The Japanese government has made tackling its falling birthrate a top priority, but with few women involved in official debate on the issue, some are making themselves heard on social media.
Japan recorded fewer than 800,000 births last year, the lowest in the nation of 125 million since records began.
Japanese Prime Minister Fumio Kishida has warned the trend threatens “whether we can continue to function as a society,” and fresh focus on the issue has sparked countless articles.
Photo: AFP
However, one in particular, which said Japan has the highest ratio in the Organisation for Economic Co-operation and Development of women aged 50 who have never had children, triggered an outpouring of responses using the hashtag “life-long childlessness.”
Tomoko Okada had long felt “ashamed” about not having children and initially hesitated to click on the trending topic on Twitter, fearing the usual barrage of criticism.
Instead, she found mostly sympathetic and nuanced discussions, with women explaining why they had been unable to start a family or, in some cases, why they had chosen not to.
“I used to strongly believe that giving birth was the ‘normal’ thing to do,” the 47-year-old freelance writer said.
She tried matchmaking services, hoping to find a partner, with no luck, and was left feeling guilty when her dad asked for a grandchild for Father’s Day.
However, posting her experiences and reading those of others helped her feel “my way of life is also OK.”
‘SO MUCH CRITICISM’
While many developed countries are struggling with low birthrates, the problem is particularly acute in Japan.
It has the world’s second-oldest population after Monaco, and its relatively strict immigration rules mean it faces growing labor shortages.
Kishida has vowed policies — including financial aid for families, easier childcare access and more parental leave — to encourage people to have children.
But with female lawmakers accounting for fewer than 10 percent of Japan’s powerful lower house, and Kishida’s 19-minister Cabinet including just two women, most of those involved in the debate are men.
That has left some women feeling sidelined, or even under attack.
“Don’t blame women for the low birth rate,” tweeted Ayako, a 38-year-old Tokyo resident without children, who used the hashtag to call for recognition of “various choices” in life.
She said that Japan’s traditional gender roles are central to the problem.
A 2021 government survey found that Japanese women spend about four times as long on chores and childcare as men, even with more husbands working from home.

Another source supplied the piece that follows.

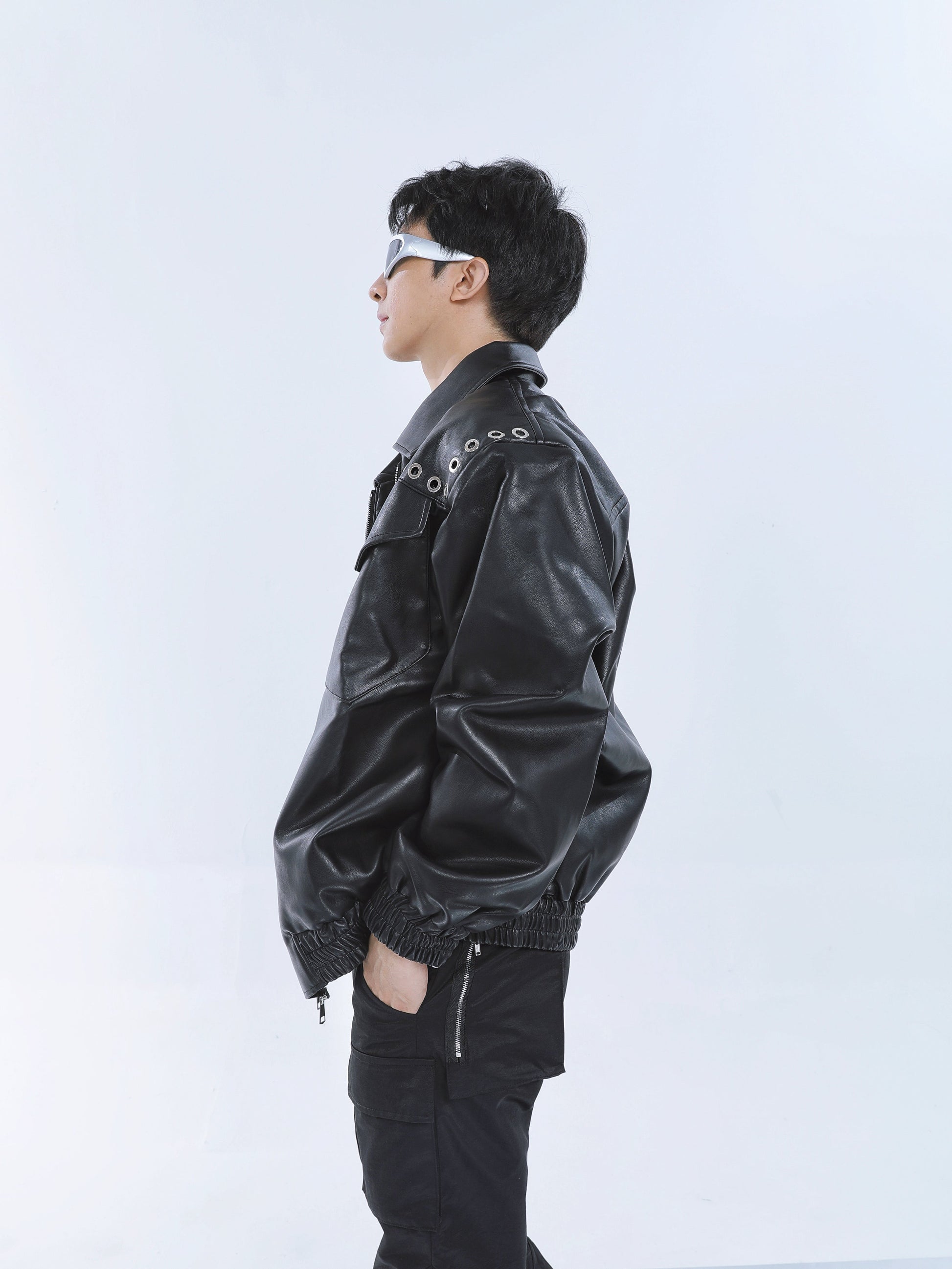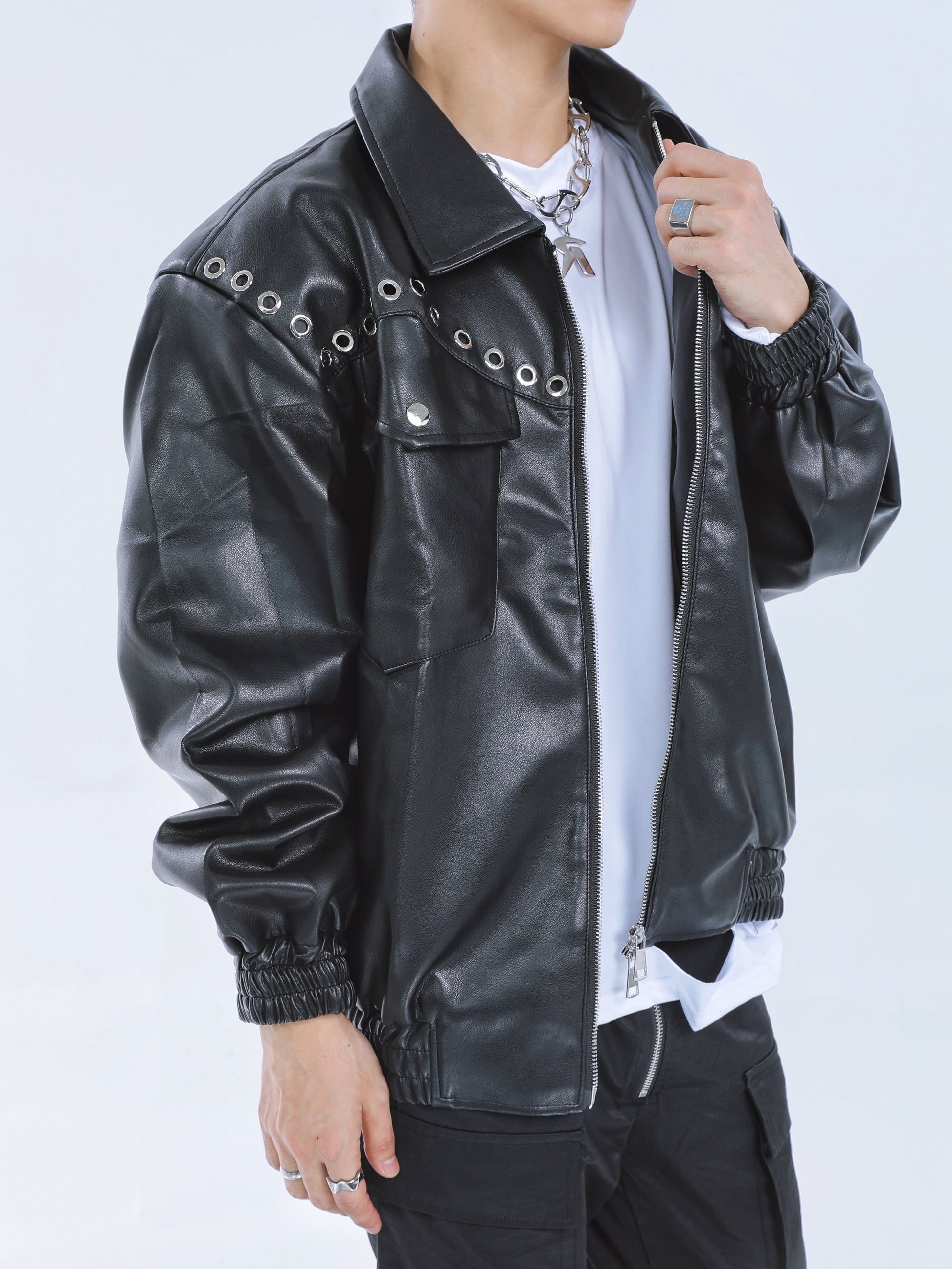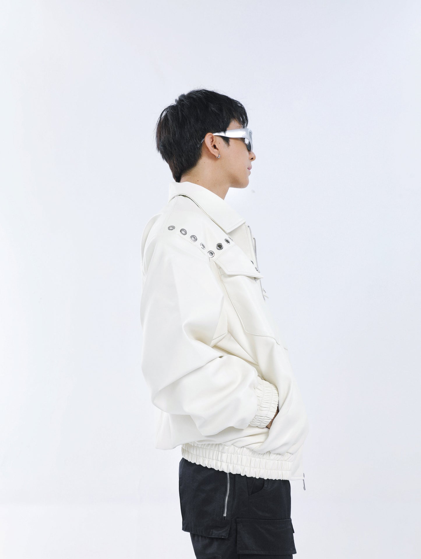 【23s September.】Metal Rivet-embellished Silhouette Leather Jacket -L

Ayako is outspoken online, but said she finds herself “shunned” when she speaks about gender-related issues in real life, and preferred not to give her surname.

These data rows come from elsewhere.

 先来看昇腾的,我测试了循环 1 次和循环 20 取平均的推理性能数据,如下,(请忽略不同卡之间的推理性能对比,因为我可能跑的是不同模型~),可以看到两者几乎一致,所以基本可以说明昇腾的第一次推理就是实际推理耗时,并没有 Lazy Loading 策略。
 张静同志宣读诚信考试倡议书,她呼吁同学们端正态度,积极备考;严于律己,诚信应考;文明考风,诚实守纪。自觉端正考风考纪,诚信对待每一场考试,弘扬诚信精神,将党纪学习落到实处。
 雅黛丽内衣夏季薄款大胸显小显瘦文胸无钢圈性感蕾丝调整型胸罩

“It’s hard to raise your voice in the real world. I feel like women receive so much criticism just for expressing their opinions,” she said.
However, on social media, “I’m often surprised to find other people with the same views.”
‘ECHO CHAMBERS’
Yuiko Fujita, a media and gender studies professor at Meiji University, said social media has become a way for women in particular to discuss political and societal issues with less fear, often anonymously.
Other birthrate-related hashtags, railing against mothers being “single-operator childcare services” or lamenting rejected nursery applications, have also gone viral.
However, the outpouring has limited impact outside the “echo chambers” online, Fujita said.
“Unfortunately ... not many of these voices make it beyond the community of women to reach the political arena,” she said.
Experts believe the declining birthrate is a complex problem with numerous roots.
Just 2.4 percent of births in Japan are outside of marriage, the lowest among the OECD group of 38 countries — a figure often attributed to conservative norms and financial structures that favor families.
Some point to economics, saying the country’s long-stagnant growth discourages couples from having babies.
Policy changes such as expanding daycare provision can help boost birth rates, but the increase is often “temporary,” Takumi Fujinami of the Japan Research Institute said.
As well as equality when it comes to household chores, “long-term economic stability and rising incomes are key,” he said.